■ Brief ■
Where an image appears, leave it out; otherwise repeat the data exactly.
━━ Data extract ━━
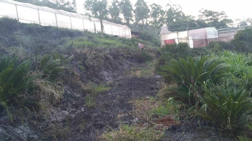 A guarnição dos bombeiros recebeu a informação, por volta das 18h40, para atender um suposto incêndio em residência na saída para linha Fatima, interior de Itá. Chegando no local foi verificado que era um incêndio em vegetação rasteira que se alastrou para a lateral de uma estufa.
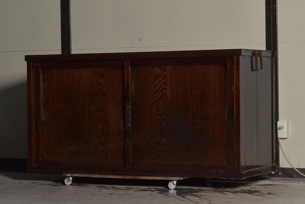 和箪笥 > 和製アンティーク 木製引き戸のシンプルな収納箪笥サイドボード(収納棚、戸棚、夜具箪笥、布団箪笥)(R-036605)
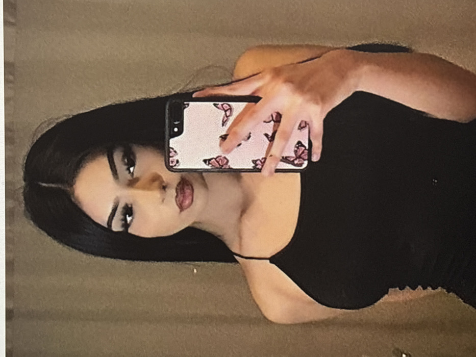 - "A woman with long dark hair poses in front of a mirror, holding a smartphone with a pink butterfly-patterned case" by FM-5oJwf2, licensed under CC BY 4.0
━━━
■ Written solution ■
 A guarnição dos bombeiros recebeu a informação, por volta das 18h40, para atender um suposto incêndio em residência na saída para linha Fatima, interior de Itá. Chegando no local foi verificado que era um incêndio em vegetação rasteira que se alastrou para a lateral de uma estufa.
 和箪笥 > 和製アンティーク 木製引き戸のシンプルな収納箪笥サイドボード(収納棚、戸棚、夜具箪笥、布団箪笥)(R-036605)
 - "A woman with long dark hair poses in front of a mirror, holding a smartphone with a pink butterfly-patterned case" by FM-5oJwf2, licensed under CC BY 4.0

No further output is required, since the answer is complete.